So far, the Chinese government has refused to give up on its virus-control measures. While it appears the world is headed for recession, it has acknowledged the damage done to the economy and promised more support to prevent a hard landing.
Zero-Covid, however, has only served as a catalyst for businesses to rapidly expand their supply chains outside of China as a result of growing geopolitical unrest, which increasingly affected many tech-related operations. Is.
The semiconductor industry has already been severely hit by the escalating US-China tech war, and tech companies are starting to feel the heat.

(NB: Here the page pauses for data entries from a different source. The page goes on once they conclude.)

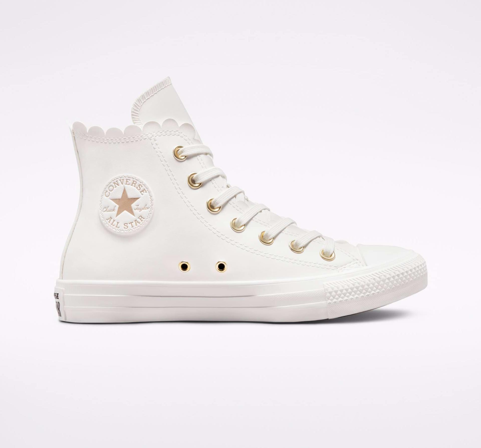 Ikonické tenisky Chuck vstupujú do sezóny s luxusnými detailmi, ktoré neprispôsobia vášmu štýlu. Keďže platformové topánky majú elegantný koženkový zvršok a čisto bielu medzipodrážku, hodia sa ku všetkému. Nenápadné zlaté detaily a jemné vrúbkovanie dodávajú outfitu šmrnc.
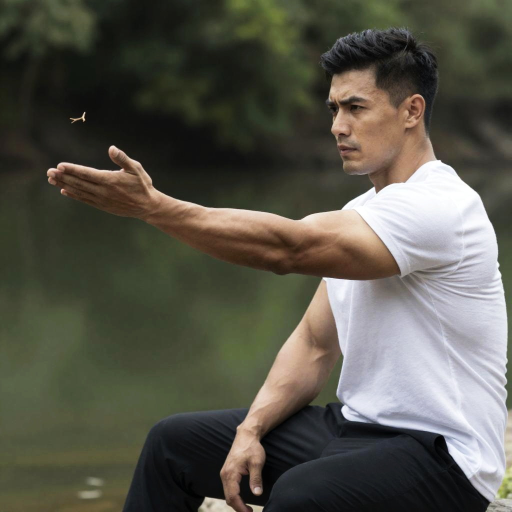 Photograph of a muscular man with short dark hair, wearing a white t-shirt and black pants, sitting by a lake. He extends his right arm forward, mid-motion, with a small twig flying near his hand. Background shows blurry green trees and water. His intense gaze is directed at the twig.
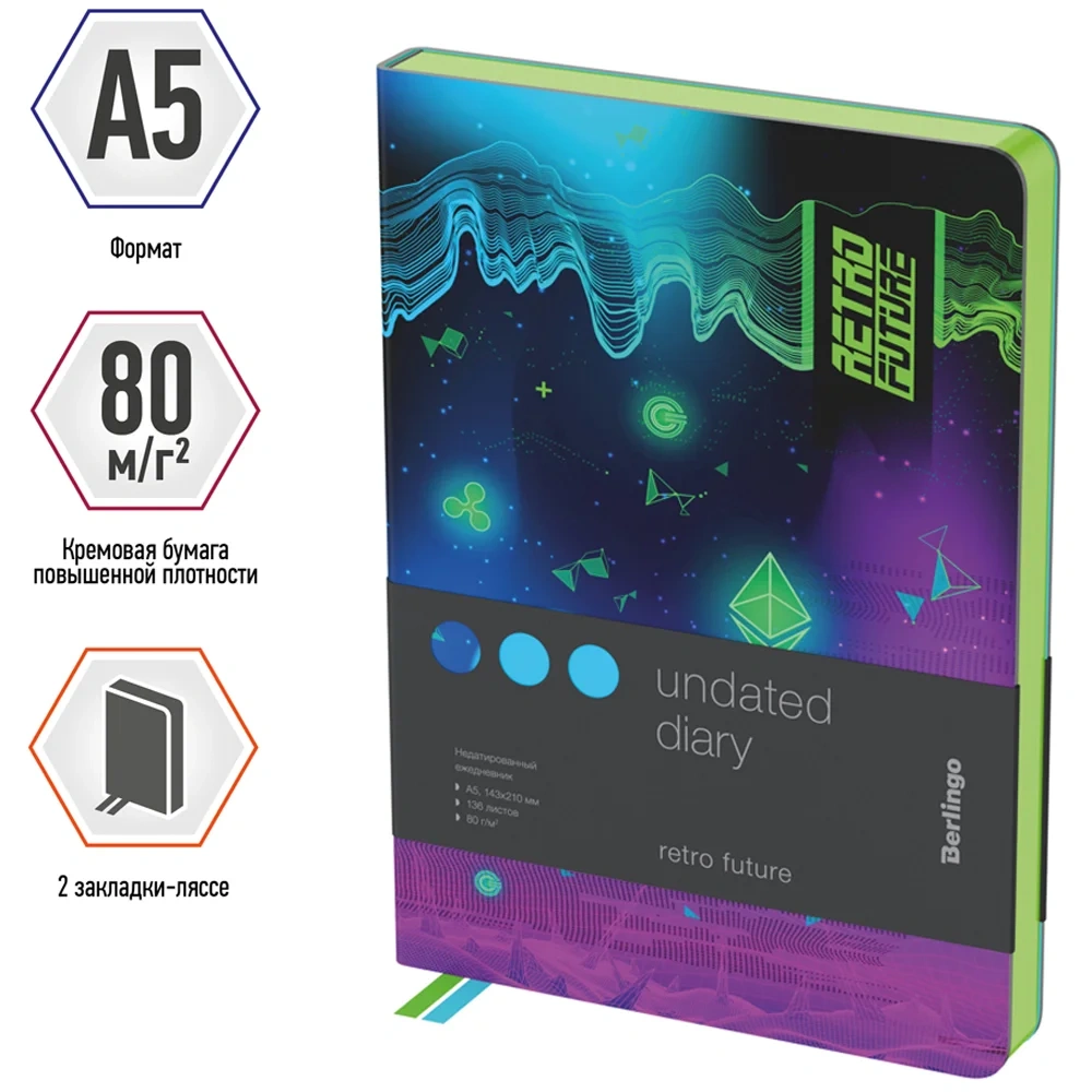 Ежедневник недатированный Berlingo Retro Future А5, 136 листов, зеленый срез
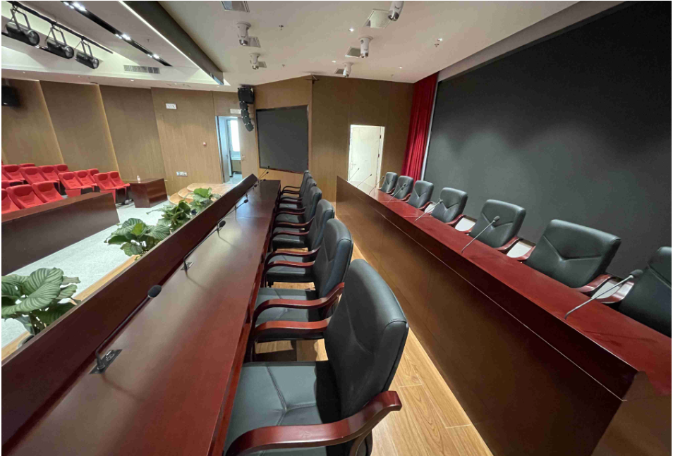 陜西渭南會(huì)議中心經(jīng)常舉辦各類大型會(huì)議,會(huì)議頻繁召開,對(duì)會(huì)議設(shè)備提出了更高的要求。HUAIN華音根據(jù)大型階梯報(bào)告廳和小型會(huì)議室的使用需求,選擇全數(shù)字嵌入式會(huì)議系統(tǒng)進(jìn)行搭建使用。全數(shù)字嵌入式會(huì)議單元HY-6120系列根據(jù)桌面尺寸量身定制,全鋁合金面板內(nèi)嵌觸控亞克力面板,具備防水防塵功能;支持?jǐn)?shù)量限制、先進(jìn)先出、后進(jìn)先出、主席允許、自由討論五種會(huì)議模式;拾音有效距離可達(dá)50-60cm,信號(hào)穩(wěn)定,發(fā)言無噪音電流影響。
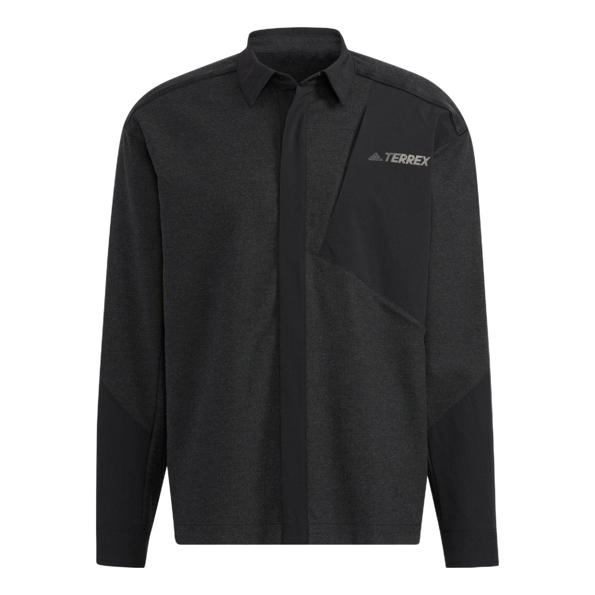 Men's adidas Terrex Voyg Ls s Solid Color Chest Zipper Pocket Detail Long Sleeves Black Shirt HN2038
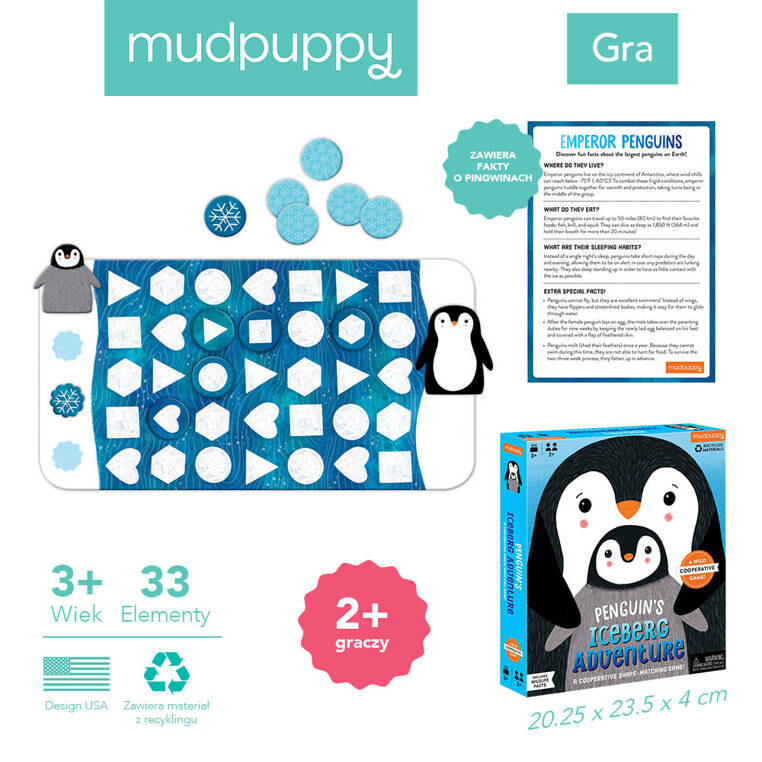 Игра «Пингвины на айсберге» от американского бренда MUDPUPPY состоит из доски с водной переправой между двумя айсбергами, 2 фигурок пингвинов: мамы и маленького пингвина, 29 жетонов льдин геометрической формы (например, кругов, треугольников, сердечек) , 1 жетон снежка, инструкции и карточка с викторинами. Задача игроков — провести малыша к матери по тропинке из кусочков льдины — каждый игрок в свою очередь раскрывает один жетон и размещает его на льдине соответствующей формы, чтобы наконец создать безопасный проход. Будьте осторожны и не вытяните жетон снежка, поскольку он предвещает метель. Игра учит сотрудничеству, планированию и концентрации внимания. Это очень весело для обоих детей а также взрослые (в нем могут принять участие 2 и более человек).
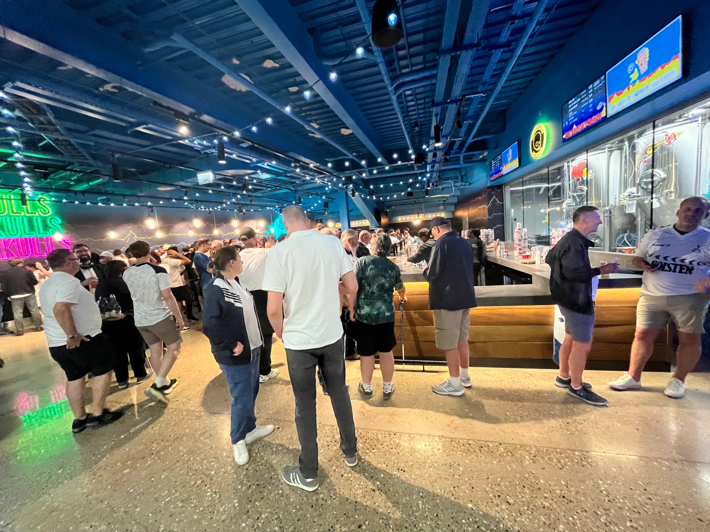 Болельщики отмечают гол в стильном баре. Здесь подают местное пиво под маркой Beavertown..
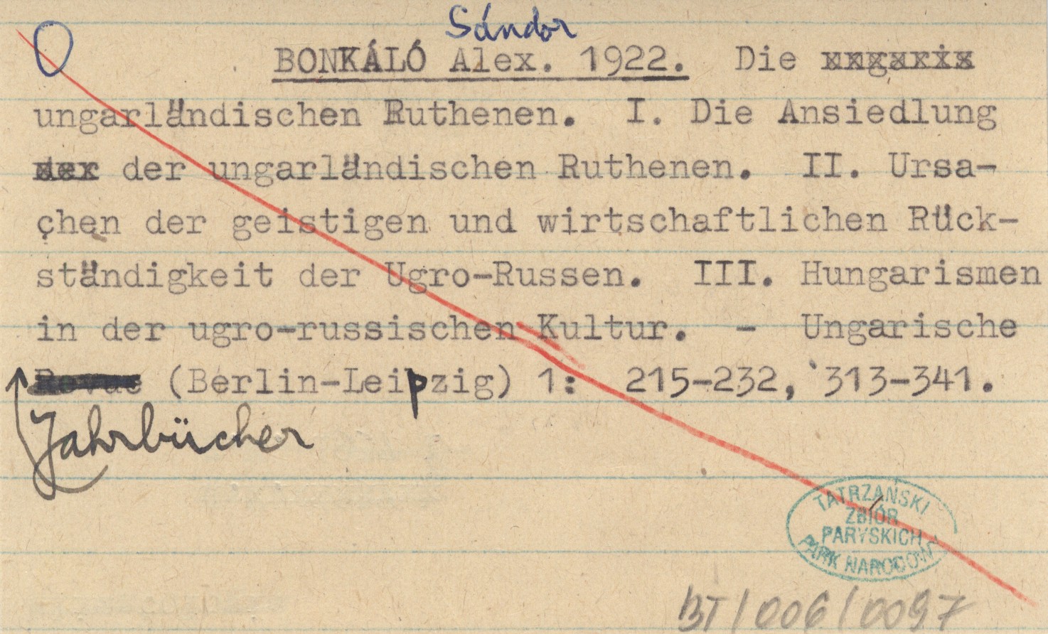 BONKÁLÓ Sándor 1922 Die ungarländischen Ruthenen. I. Die Ansiedlung der ungarländischen Ruthenen. II. Ursachen der geistigen und wirtschftlichen Rückständigkeit der Ugro-Russen. III. Hungarismen in der ugro-russischen Kultur.
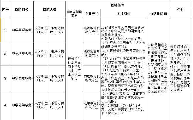 为加强学校教师队伍建设,引进优秀师资,进一步满足人民群众对优质教育资源的需求,根据我校教育教学工作需要,面向社会引进省内、外优秀中学教师共计4人(英语、地理、物理、化学教师各1人)、招聘市场化聘用教师4人(英语、地理、物理、化学教师各1人)。通过人才引进的教师均解决编制;符合市场化聘用条件的,按照市场化聘用办法办理聘用手续。现将有关事项公告如下:
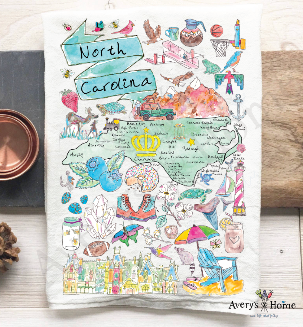 This is a store commissioned product, and is only available to the store that commissioned the design. To request a custom location design please order product sku TCL00 or feel free to message me directly. Avery’s Home flour sack tea towels are sold in all 50 states, Canada, Europe & Australia. These dish towels are a top seller for all my retailers, and make the perfect gifts and souvenirs for all occasions. These decorative, whimsical, handmade/painted artisan Florida Custom Location designs are sure to brighten every living space! * Size: 27"x27" * 100% Cotton, globally sourced * Color: White * Hemmed on all four sides * Lint free * Printed in USA They arrive folded and tagged ready for display on a counter, ladder, or in a cubby! They are eco-friendly & stores have found customers love the touch & feel the quality of the towels. SKU: FSTT_TCL38
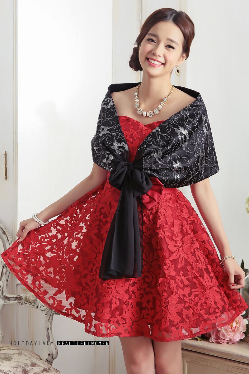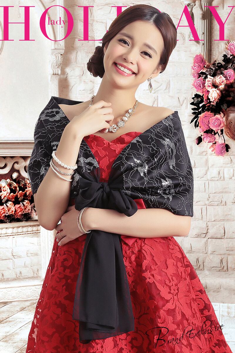 シルバーFlowerデザイン レースワンピースショール レッド 刺繍 大人ガーリー スウィート キュート カジュアル フラワーデザイン 銀 19788550362
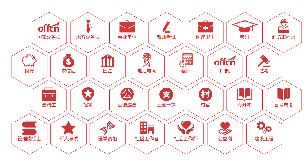 公务员招录考试培训、事业单位招录考试培训、教师资格证及教师招录考试培训、专升本/研究生/自考成考等学历提升考试培训、培训医疗卫生类资格证书及招录考试培训、国家电网电力考试培训、银行/农信社/国企招聘入职考试培训、注册会计师考试培训、消防建工考试培训等
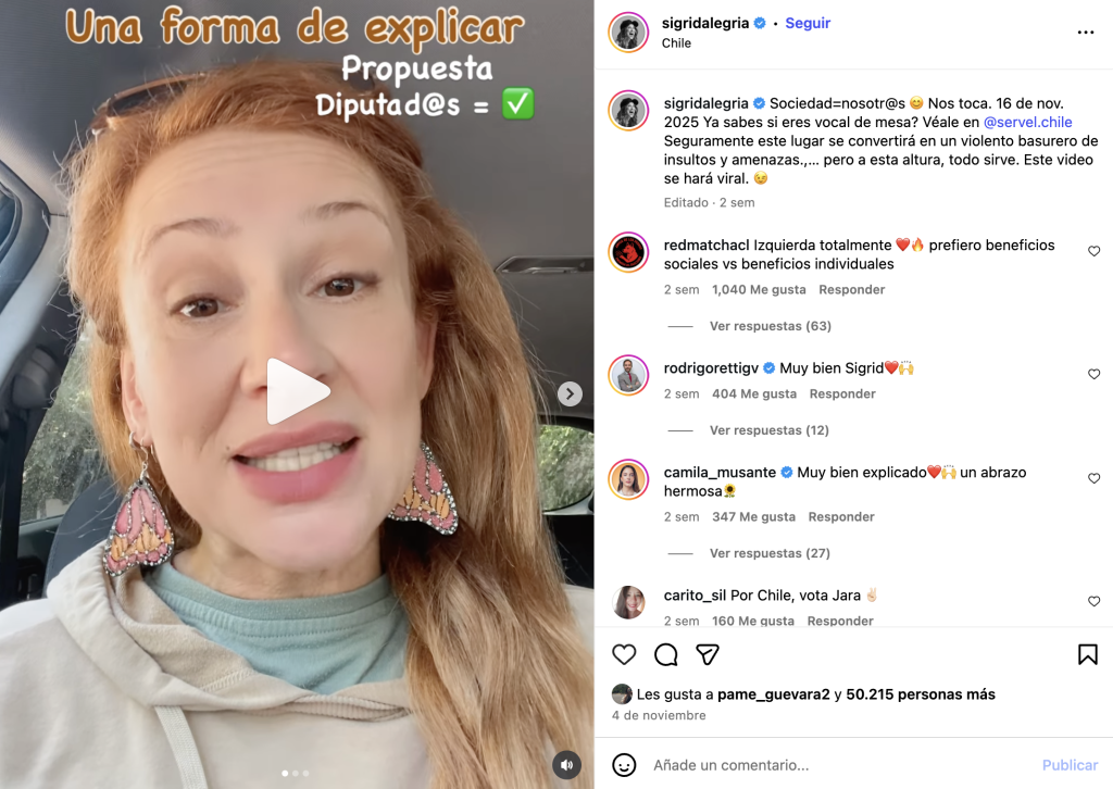 Un examen a sus cuentas de X e Instagram no muestra ningún cambio en esa opción política. La primera se mantiene inactiva desde 2022, y la segunda tiene una publicación reciente acerca de las elecciones parlamentarias y presidenciales de 2025. Sin embargo, Alegría no respalda explícitamente a ningún candidato en el registro.
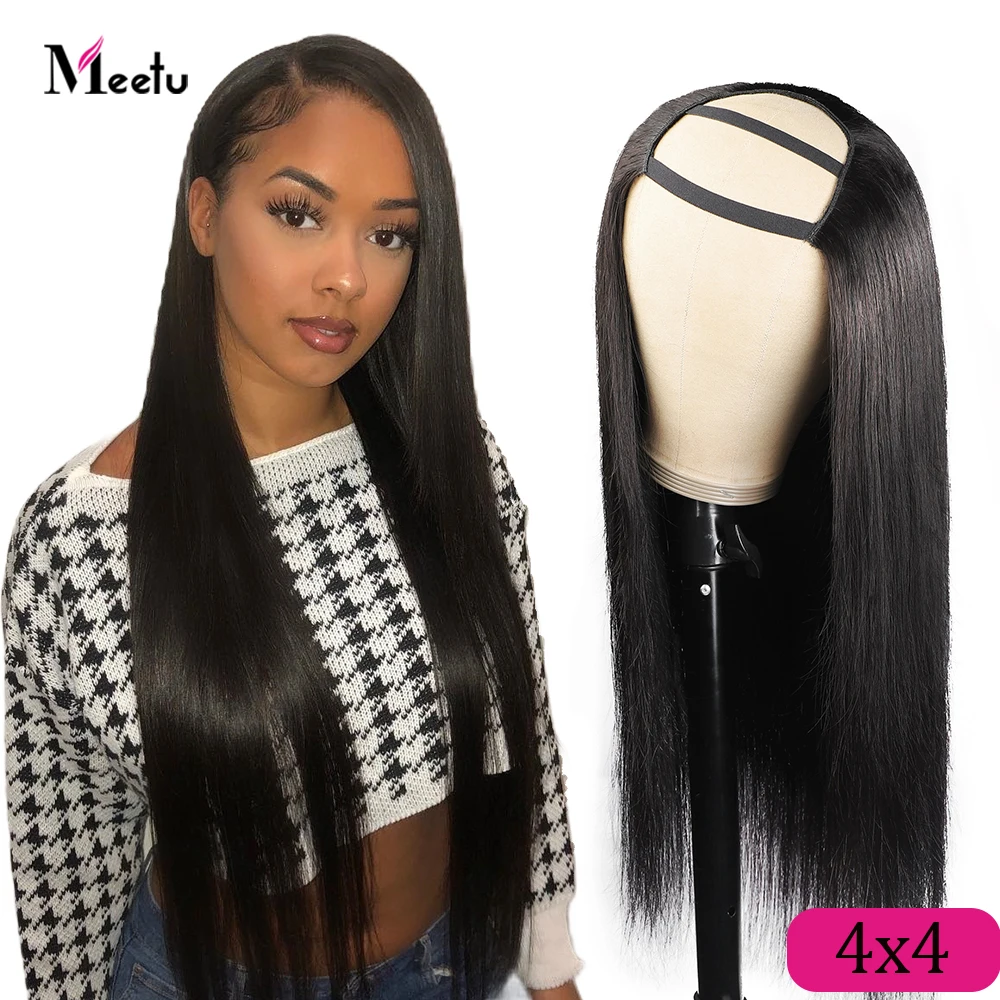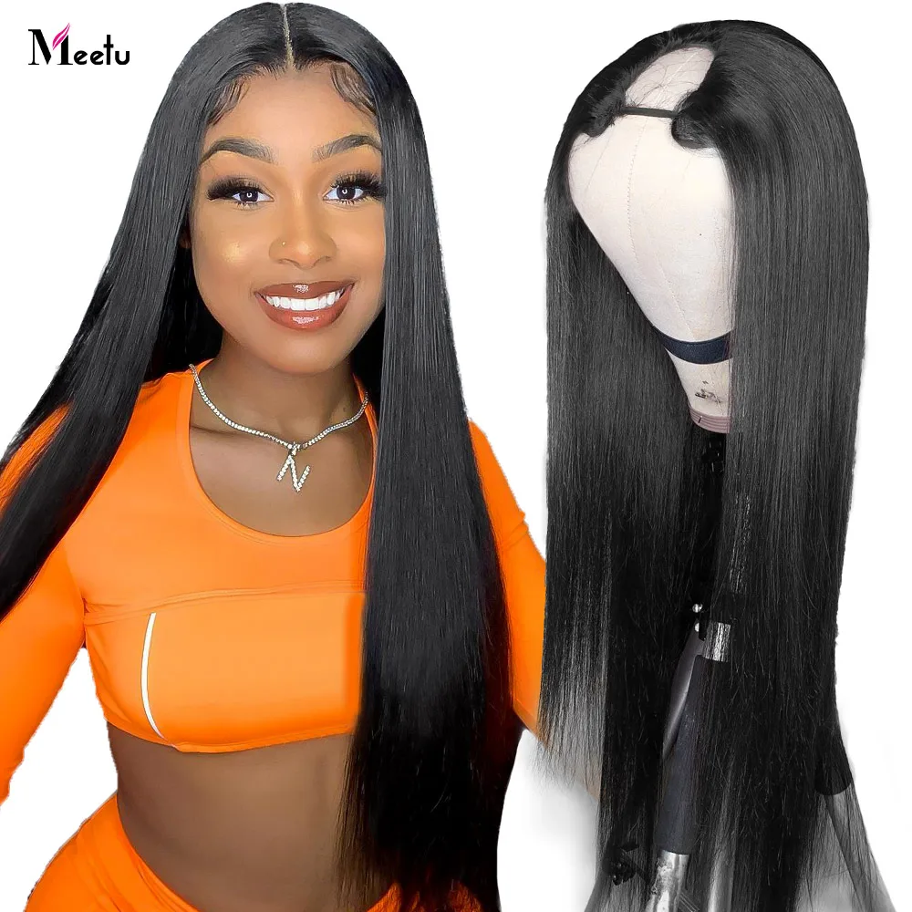 Парик Meetu U-Part из человеческих волос, парики без клея, 150% плотность, парики из человеческих волос, бразильские прямые парики из человеческих волос для черных женщин
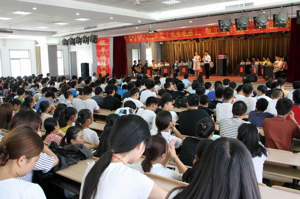 9月23日下午,安徽建工技師學院在學院禮堂開展了“學習《學生手冊》,樹立行為規范”知識競賽活動。建筑工程系黨支部書記李波、建筑經濟管理系黨支部書記李繼萍、機電工程系黨支部書記朱曉玲、成教大專部學生科科長衛功劍、團委書記王海和600余名學生觀看了比賽。

The US$12 billion Taiwan semiconductor manufacturing company's facility is still under construction, according to Apple CEO Tim Cook, who also noted this week that the company would buy chips from a plant in Arizona.
This information was released shortly after Apple announced that it was abandoning plans to buy memory chips from YMTC in China.
Mainland China has made strides in memory chip production, but its semiconductor factories are still unable to produce the sophisticated chips needed to power an iPhone.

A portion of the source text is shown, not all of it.